HIV/AIDS Coordinating Committee
- Abbreviation: HACC Cambodia
- Formation: 1995
- Type: Non-governmental organization
- Legal status: NGO
- Purpose: HIV/AIDS prevention
- Headquarters: Phnom Penh
- Location: Cambodia;
- Region served: Nationwide
- Official language: Khmer, English
- Steering-committee chair: Chum Thou
- Key people: Tim Vora, Heng Koy, Haun Borany
- Main organ: Assembly
- Budget: Over US$800,000 per year
- Staff: 23 (2012)
- Volunteers: 3
- Website: www.hacccambodia.org

= HACC Cambodia =

The HIV/AIDS Coordinating Committee (HACC) (គណៈកម្មការសំរបសំរួលប្រយុទ្ធនឹងជំងឺអេដស៍) is an HIV/AIDS Cambodian non-governmental network representing over 120 NGOs working with the disease in Cambodia. It was established in 1993 to coordinate civil-society organizations and promote the sharing of information, experiences, and advances in the field among these organizations to address HIV/AIDS in Cambodia.

==Leadership==
HACC is governed by a voluntary steering committee elected from the NGO's membership.
- Steering committee (2011–2013):
  - Kim Sokuntheary, chair
  - Phok Bunroeun, Vice-chair
  - Prang Chanthy, Treasurer
  - Chhun Roeurn
  - Penh Sakun
  - Sem Peng Sean
  - Sok Pun
- Steering committee (2010–2011):
  - Pon Yut Sakara, Chair
  - Long Leng, Vice-chair
  - Sum Satum, Treasurer
  - Sok Pun
  - Phok Bunroeun
  - Buth Saman
  - Srey Vanthuon

Tim Vora is the HACC's executive director.

==Activities==
HACC provides opportunities for networking among members and other civil-society networks to encourage policy change and protection for people living with HIV/AIDS and develop preventive measures. The organization works with the government, international donors, and the UN by:
- Collaborating with members to coordinate the NGO response to HIV and AIDS at the national and provincial levels.
- Promoting communication and information-sharing among members and all involved in the HIV and AIDS response in Cambodia and internationally.
- Raising awareness of HIV and AIDS and gaps in service delivery of HIV/AIDS treatment and preventative measures.
- Representing NGOs responding to HIV and AIDS at national and international forums, where they have received a mandate from their members to do so.
- Advocating for full civil-society involvement in determining policy, setting targets, developing plans, and monitoring progress related to HIV and AIDS response on a national level.

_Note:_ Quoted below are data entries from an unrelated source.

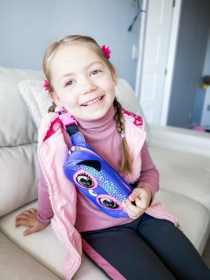 Light up your look with the Purse Pets Savannah Spotlight belt bag! This fabulous and functional interactive Purse Pets girls purse is packed with stylish features. She responds to your touch, has multicolor light-up cheetah spots and over 30 exciting sounds and light effects! Savannah Spotlight features beautiful details including pebbled faux leather accents, amped up expressive eyes, a metal zipper, and an adjustable printed Purse Pets strap to wear your way. When you’re out and on-the-glow, she makes sassy sounds as she interacts with you and her spots continuously light up in a rainbow waterfall effect. Tap her head to speed up the color change or hold and release to choose a solid color that matches your look! In Rainbow Rave, discover Savannah Spotlight’s beats. With five songs, this trendy cheetah has more music than any other Purse Pets! As she plays music, her colored lights animate – touch her head to change songs and hold her head to add your own sounds for the ultimate dance party! It’s so much fun! Want to know your style mood? In Disco Destiny, Savannah Spotlight predicts it with cute sounds and more light effects! Hold her head and release to reveal her mood prediction: orange and yellow lights for playful, white for dreamy, purple and pink for glam and so much more! With Savannah Spotlight, rave meets runway! Adjust her strap and wear Savannah Spotlight as a cross body bag, over the shoulder or around the waist. Customize your belt bag with a Luxey Charms character (sold separately) for the ultimate Purse Pets mashup! Measuring approximately 3.5 in. (H) x 10 in. (W) x 2.4 (D), the Savannah Spotlight kids purse has room inside for your favorite essentials. Includes 3 AAA Duracell batteries. Purse Pets interactive toys for kids are great birthday gifts, Christmas gifts, stocking stuffers or gifts for 5 year old girls and up for any occasion. Make a showstopping statement anywhere you go with the Purse Pets Savannah Spotlight belt bag! Includes: 1 Purse Pets Belt Bag, 1 Instruction Sheet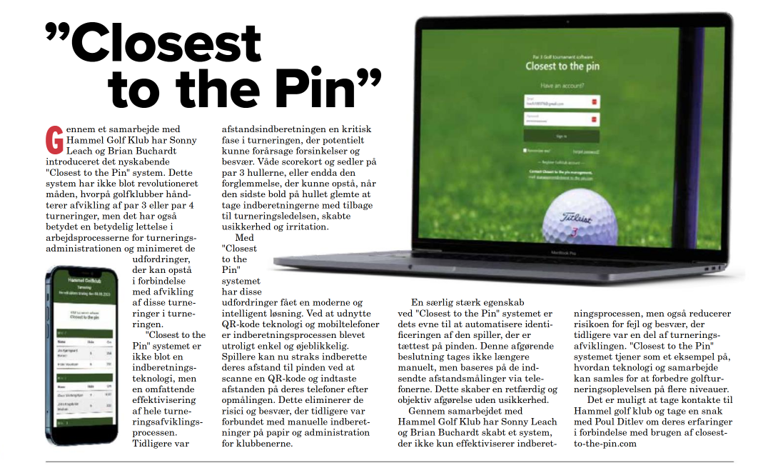 Siden vi indførte Closest to the Pin / Tættest på flaget softwaren i vores golfklub, har vi sparet mange arbejdstimer på hver turnering og reduceret vores administrative omkostninger markant. Opsætningen af en turnering tager under 1 minut så er det nemt for medlemmerne og besøgende at bruge- og resultaterne er live og klar, så snart runden er slut.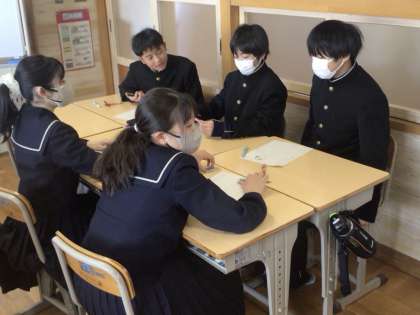 1年生の国語の授業では、今年度の最後の授業ということで、ことわざカルタや言語による伝達ゲームで盛り上がっていました。これまでの学習内容や話し合い活動の成果が現れながら楽しむことができていて、良い雰囲気で1年生の学習を終えることができたようでした。2年生の美術の授業では木彫の学習を行っていました。以前より随分と進んでいることが窺えましたが、まだ先は長そうです。しかしみんな根気よく作業を進めたり、先生に熱心に相談したりと大変集中して取り組んでいました。3年生でも継続するようですので、粘り強く制作を続けてほしいです。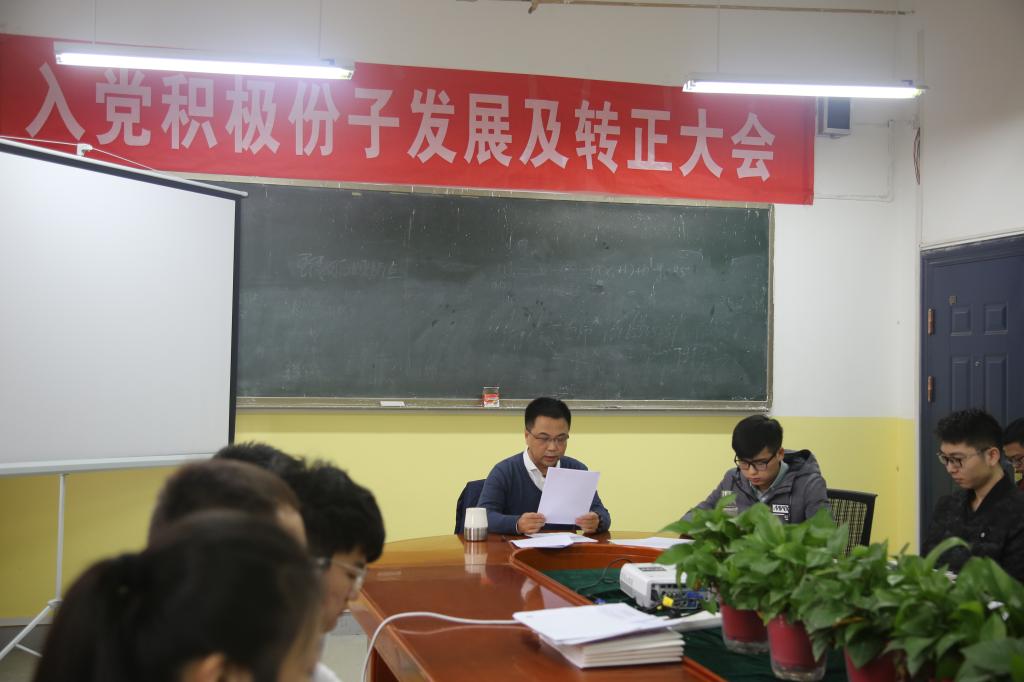 2018年11月30日,KY开元集团官网党总支学生党支部于教学南楼228召开入党积极分子发展及转正大会,学生党支部书记曹建波老师、辅导员杨陈东老师出席此次大会,会议由曹建波老师主持,KY开元集团官网学生党员、预备党员、积极分子等共有50余学生参加。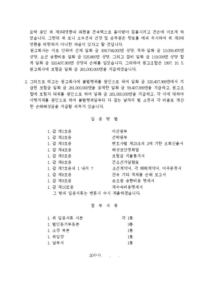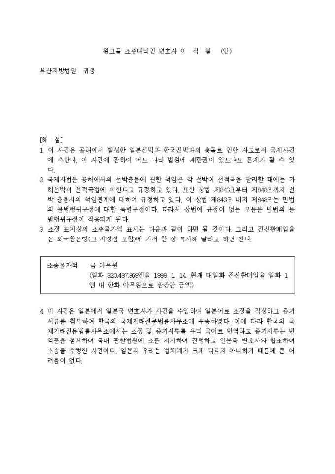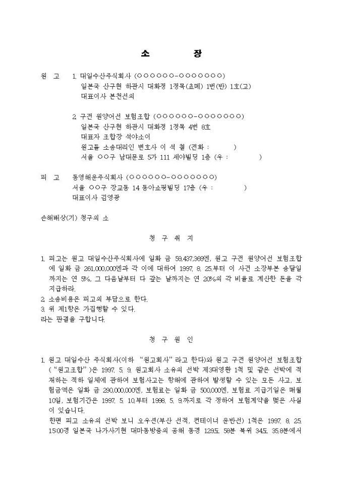 9,000원/월손해배상청구 소장(선박충돌, 보함자대위, 국제사건, 외화, 선체적하보험관할법원, 소송물가액, 번역물)입니다.
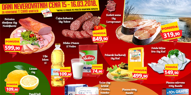 Za više od 30 najatraktivnijih proizvoda važe super cene a pored ove ponude u toku je i nedeljna akcija sa više od 200 proizvoda koji se nalaze na dodatnom sniženju. Neverovatne cene su u objektima odštampane na crvenom, dok je ostatak akcijskih cena odštampan na žutom papiru.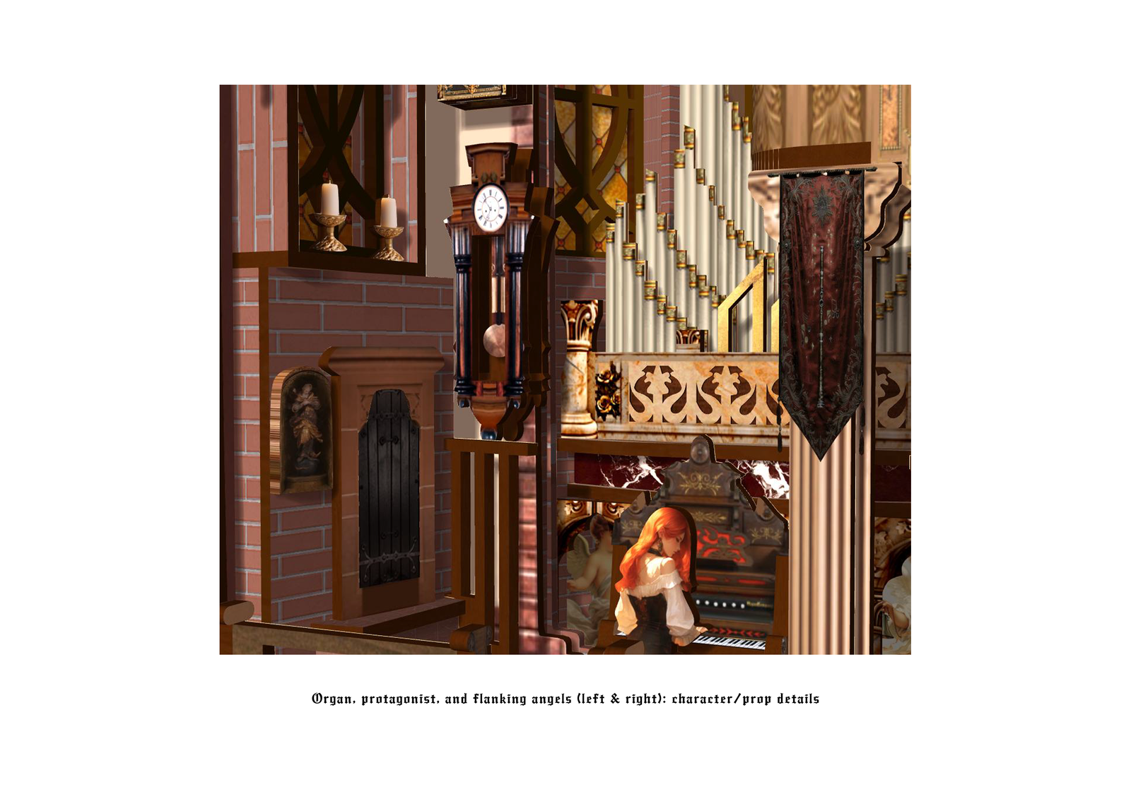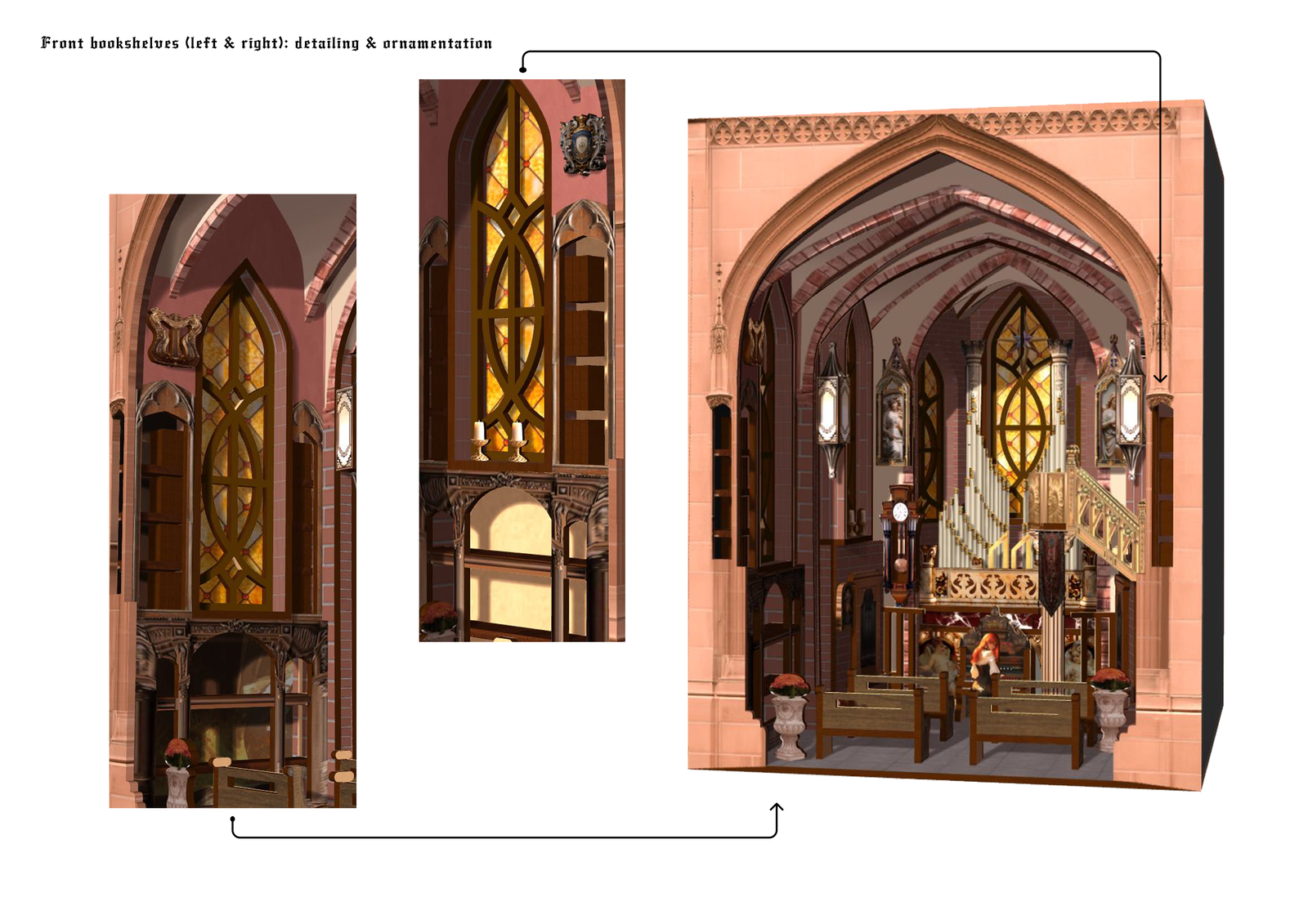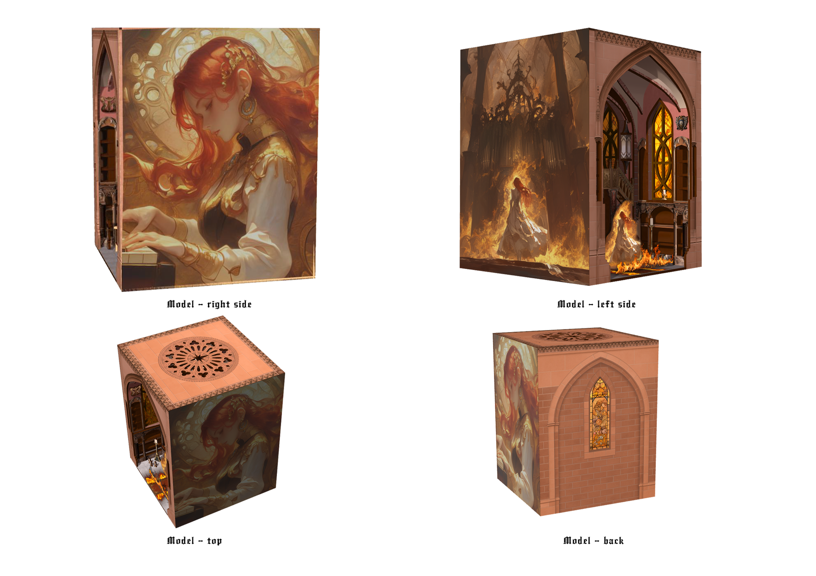 I led the creative and spatial design: worldbuilding/backstory, research on rib-vault structures, forced-perspective layout, material and lighting palette, and 3D modeling/visuals in Rhino & Blender; I also prepared copy and illustrations for presentation. Not in scope: manufacturing cutting sheets, assembly manual, or physical assembly/fit tests. llustrations and most UV maps were generated with AI and then refined by me.

HACC and other members working with HIV/AIDS focus on youth as most at-risk people (MARP), along with orphans and vulnerable children (OVCs), injecting drug users (IDU/DU), sex workers, and prisoners. In the National Strategic Plan III (NSPIII) 2011–2015, HACC played a role in coordinating and facilitating the participation of civil societies in planning and launching the plan, Water Festival Day, and World AIDS Day in coordination with Cambodia's National AIDS Authority.